Стряпков усмехнулся. Удивительный он был человек. Когда он сам болтал разную чушь про обстановку кабинета, поучал Каблукова, как принимать посетителей, как скреплять бумажки, ему смешно не было. Но как только Яков Михайлович начинал выкладывать свои воззрения, Стряпкова душил смех.
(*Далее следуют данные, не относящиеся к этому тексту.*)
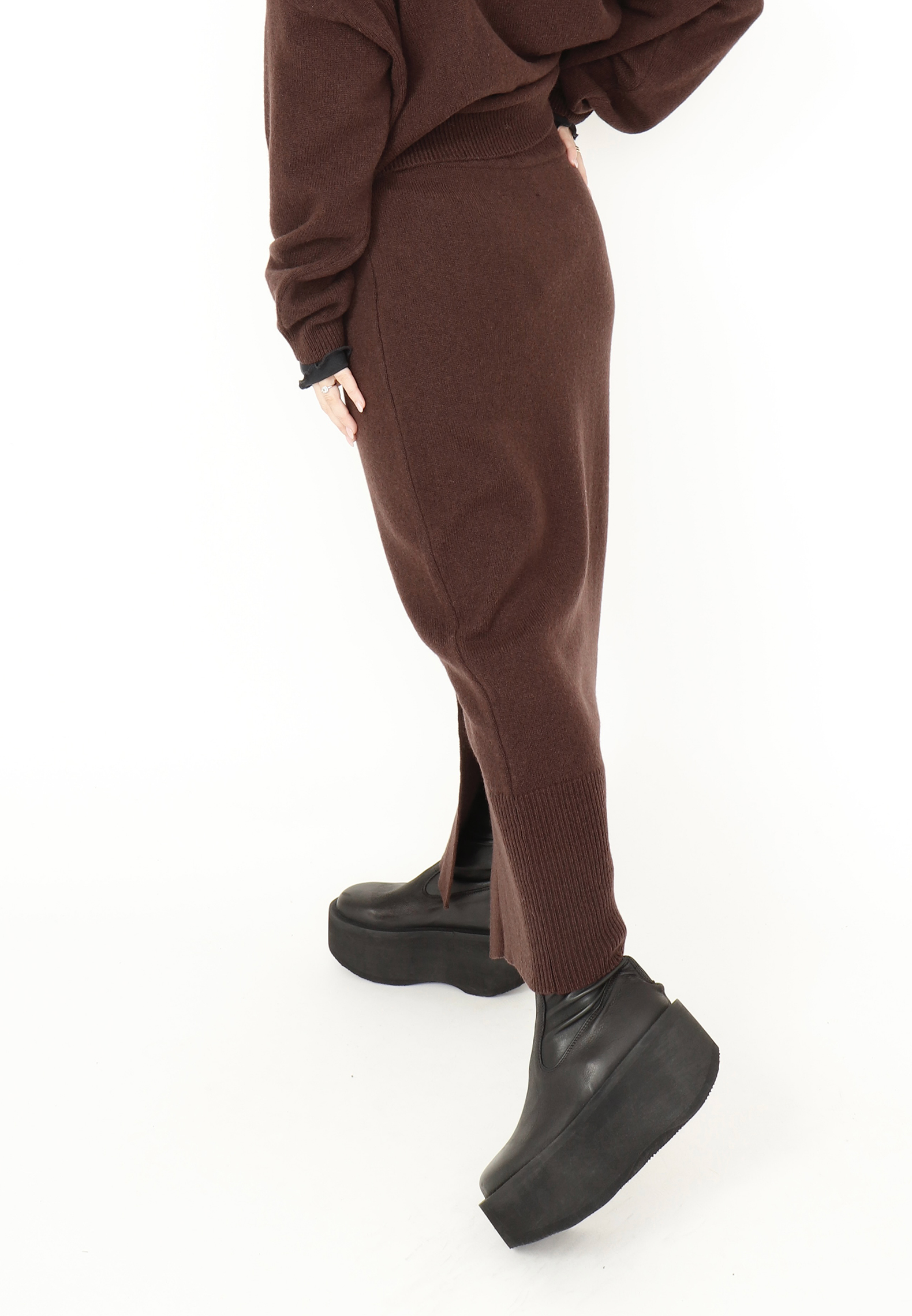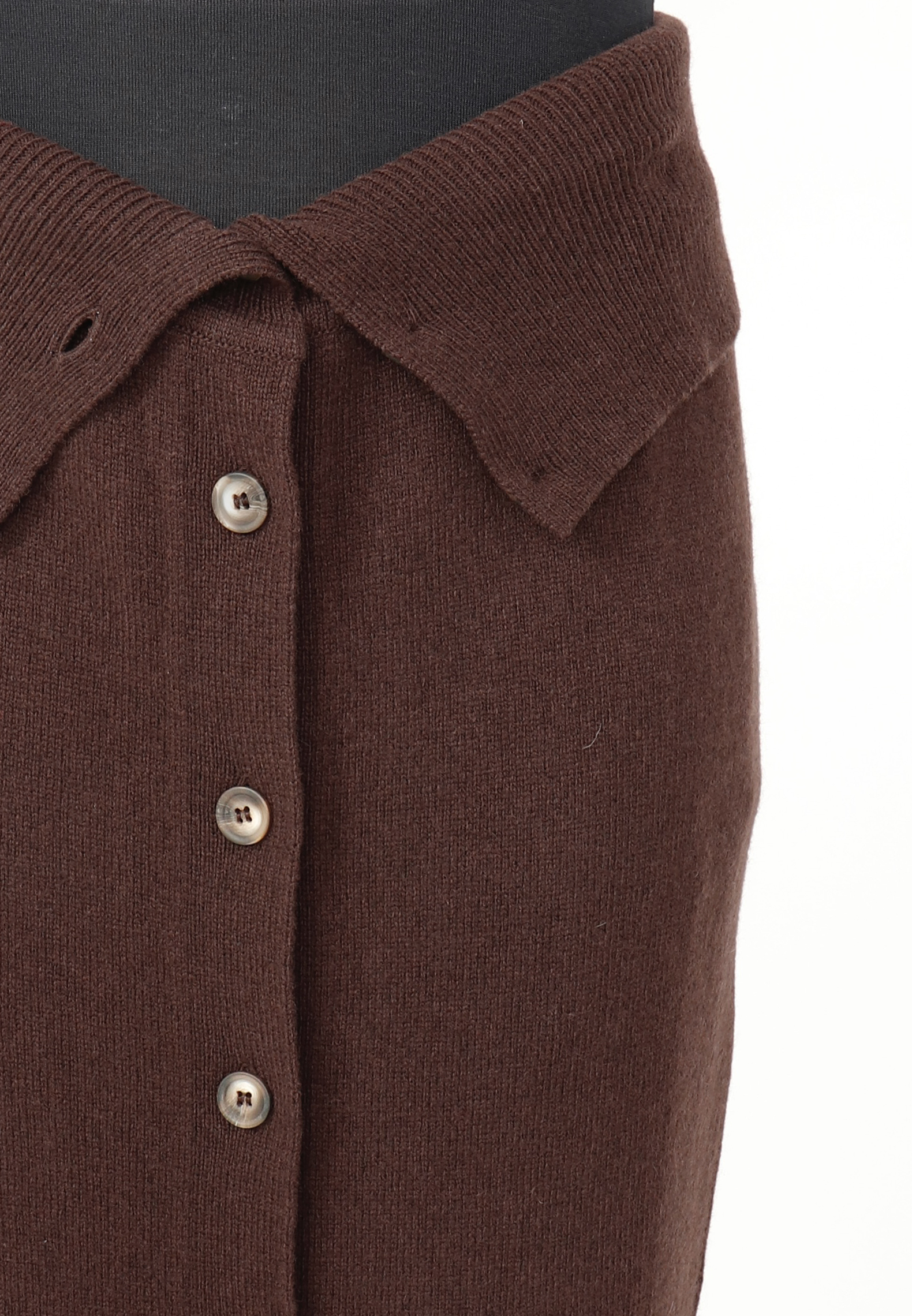 Knitted skirt in soft merino wool with buttons all the way down. The skirt is made with a big rib line at the botton. Here in a nice dark brown color. Style with a matching blouse or the must have shirt SA-ELLA from Sort Aarhus.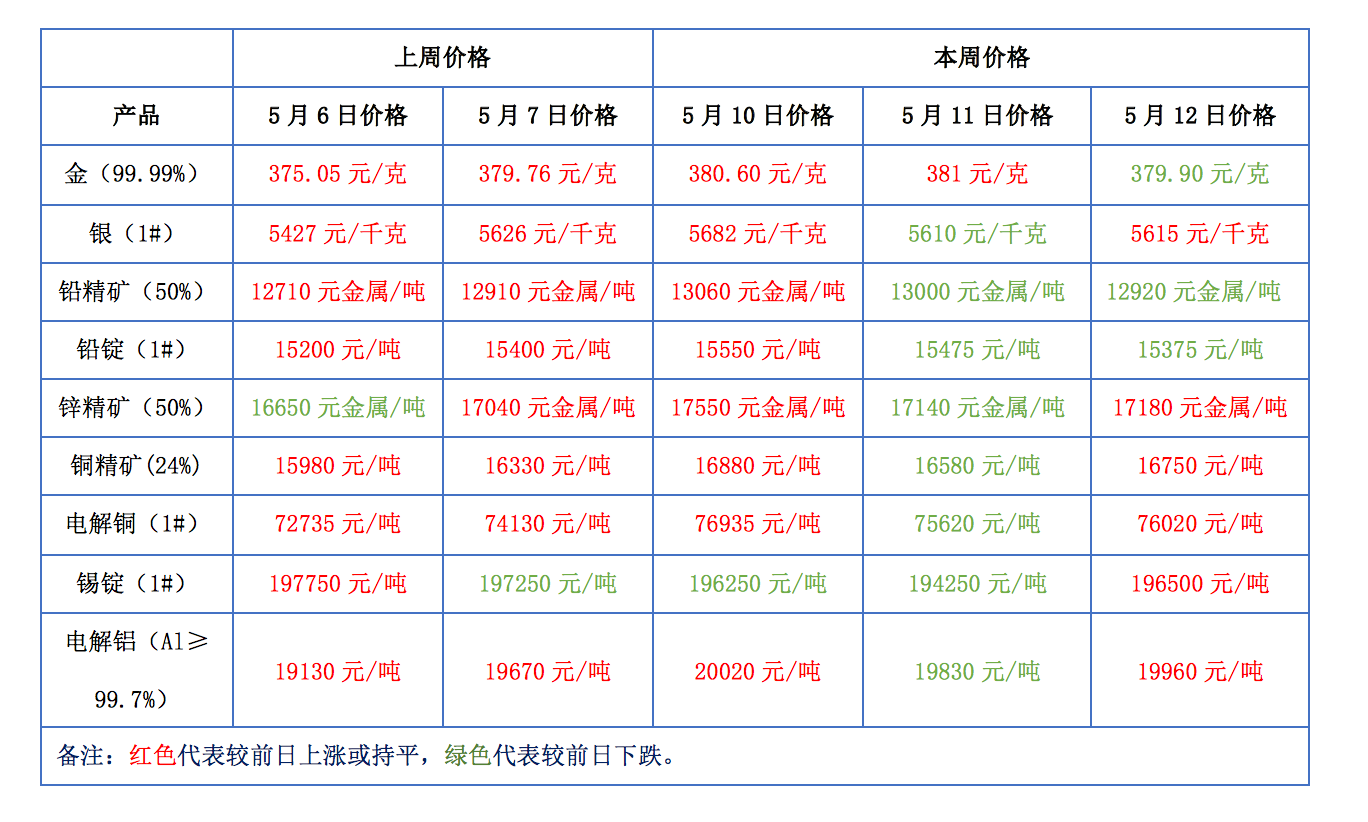 下表為本周金、銀、鉛、鋅、銅、鋁等主要有色金屬礦產(chǎn)品價(jià)格變動(dòng)情況: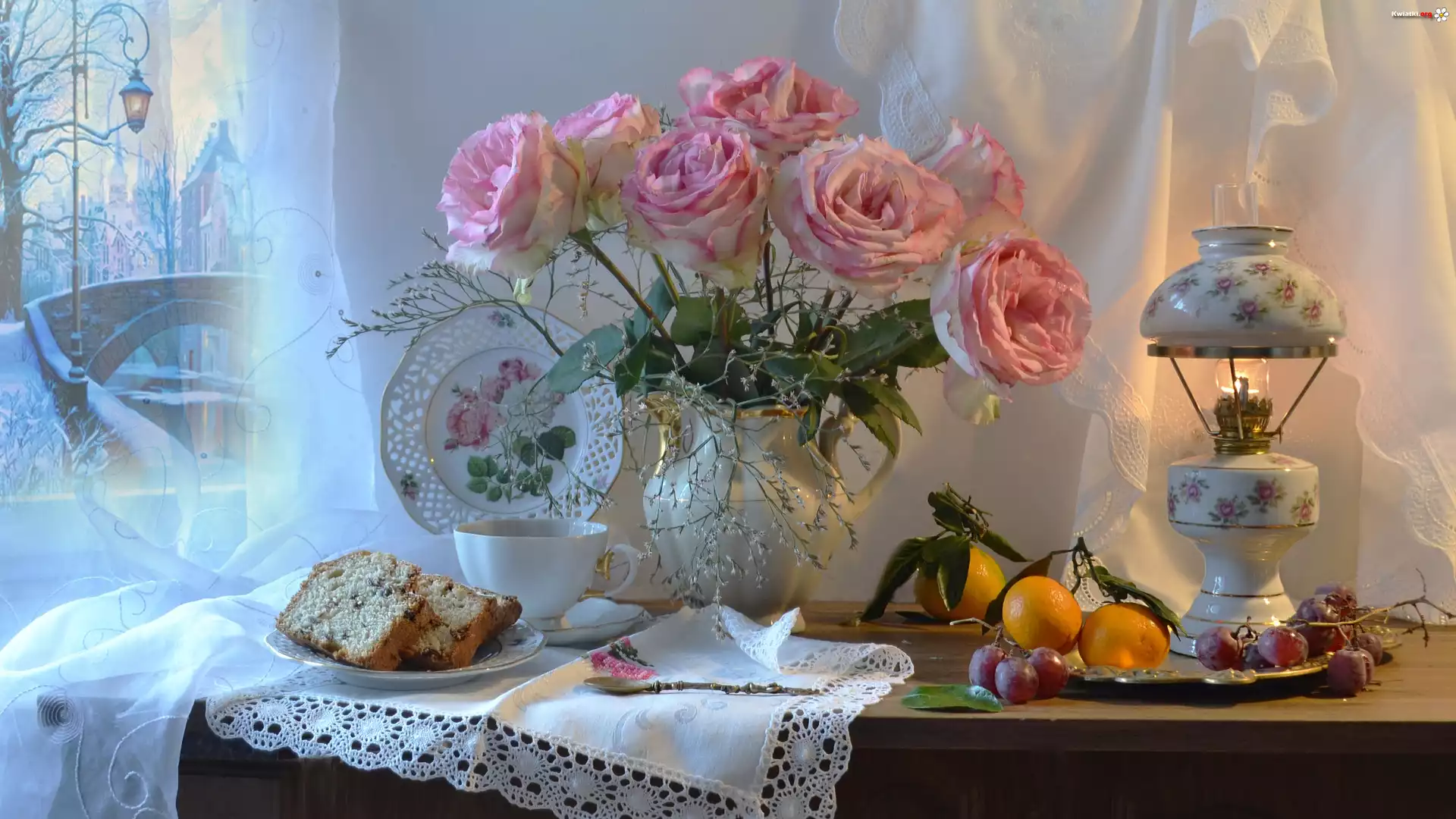 Kwiat Różowe, Róże, Bukiet, Dzbanek, Lampa, Talerze, Ciasto, Owoce
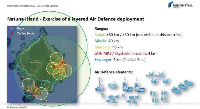 Seperti terlihat dalam gambar di atas, Rheinmetall memproyeksikan sistem hanud tak hanya di Lanud Ranai, tapi juga ke Lanal dan selat wilayah selatan pulau. Meski fokus kekuatan pada point defence di ketiga obyek vital, Rheinmetall menawarkan solusi hanud terminal untuk Natuna, yakni dengan mengintegrasikan keberadaan rudal hanud jarak sedang. Artinya lawan diharapkan dapat dihancurkan sebelum berhasil melintasi pulau.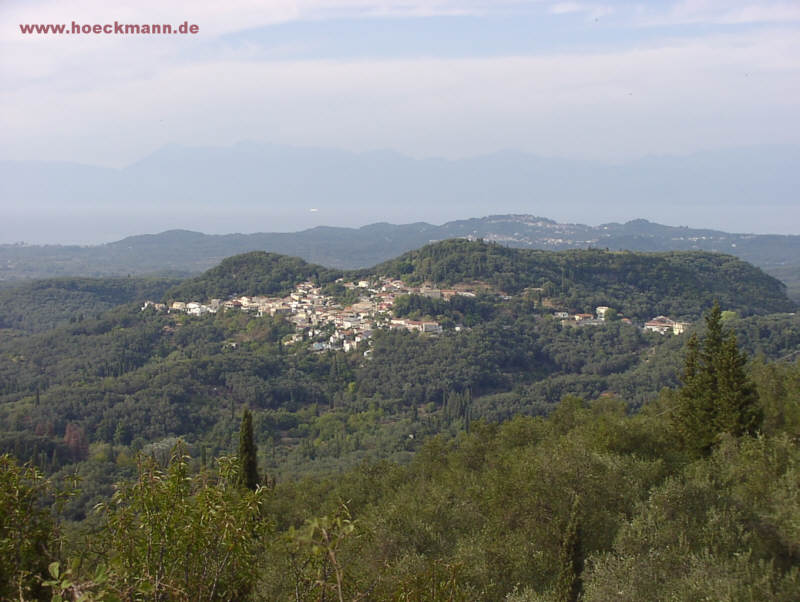 Griechenland Atlas Greece - Korfu bei WikipediaBlick über den Ort Chorepiskopi nach Albanien - 2007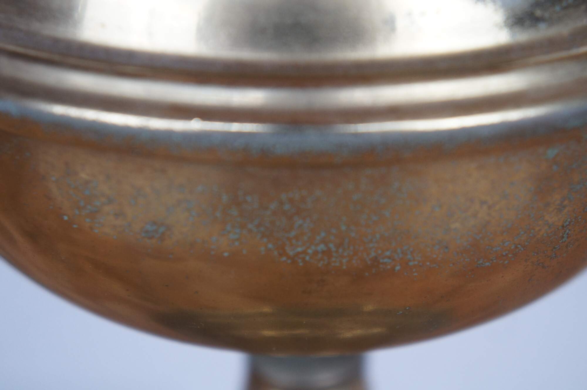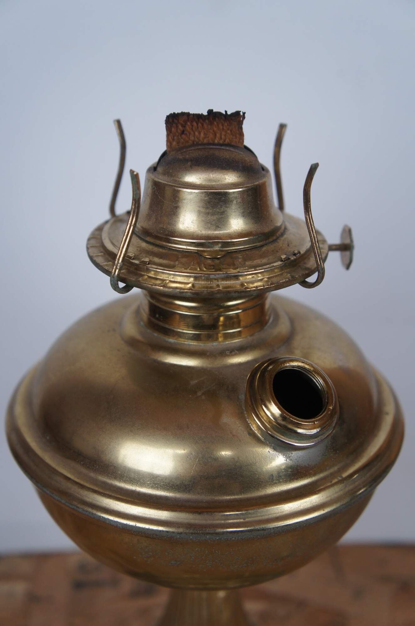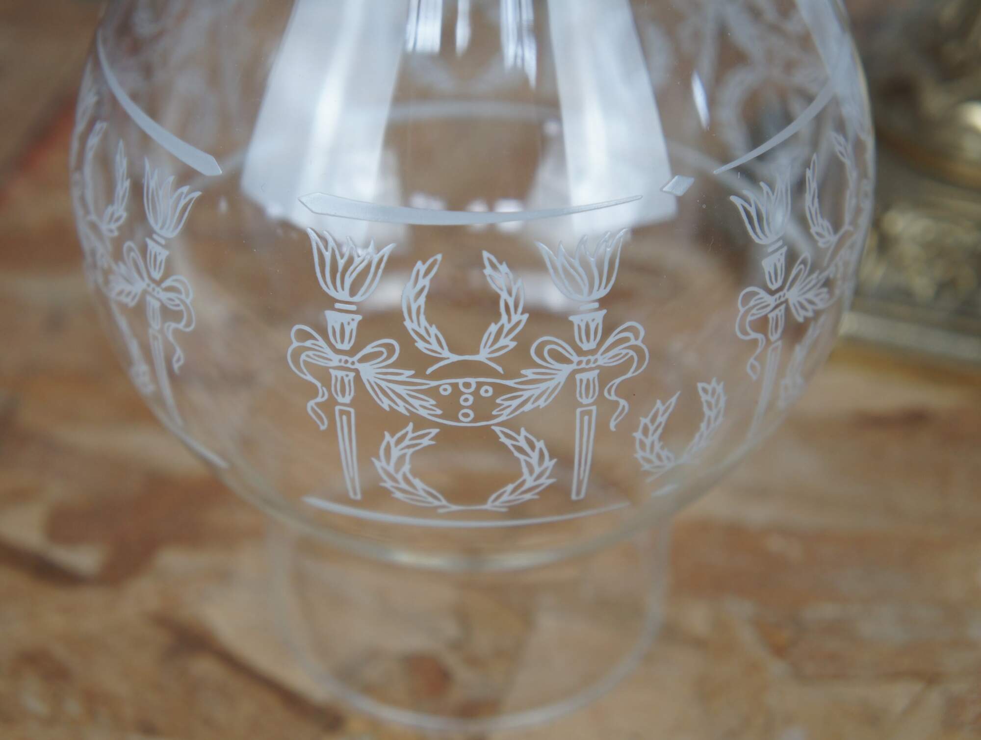 Oil/Kerosene/Paraffin lamp featuring shiny brass finish, fluted column and clear etched neoclassical style hurricane.

— А почему она себя неправильно ведет? Теорией не обогащена. От недостатка знаний. А где их взять? Откуда почерпнуть? Я бы с удовольствием сочинил брошюру «О поведении руководящих лиц в нерабочие часы». Я давно на эту тему размышляю. Если хотите, за такую брошюру кандидатскую степень надо дать. Дают же черт знает за что!

— Да еще как дают! — подхватил Стряпков.

— Можно составить брошюру в виде вопросов и ответов. Скажем, вопрос: «Как вести себя в театре?»

— Известно как. Пришел, сел, и смотри. Не любо — не слушай…

— Это вам все так просто кажется, поскольку вы нижестоящий. Вопрос гораздо сложнее. Можно ли руководителю проявлять инициативу в аплодисментах? Можно ли ему хлопать первому? Хлопнешь, а за тобой другие. А актер, возможно, не достоин успеха. Надо ли в антракте заходить в буфет? Что руководящее лицо может выпить? Что? И сколько? И все это не главное, а второстепенное, если хотите знать. Главное — надо ли ходить в театр? Если надо, то сколько раз в году, в квартал, в месяц? О театре я еще не все обмозговал. А вот вопрос: «О поведении в гостях». Имеет ли руководитель право ходить в гости к подчиненным и звать их к себе? Не помешает ли это нормальным служебным отношениям?

— Я у вас вчера был. По-моему, не помешало.

— Это еще неизвестно, — загадочно ответил Каблуков.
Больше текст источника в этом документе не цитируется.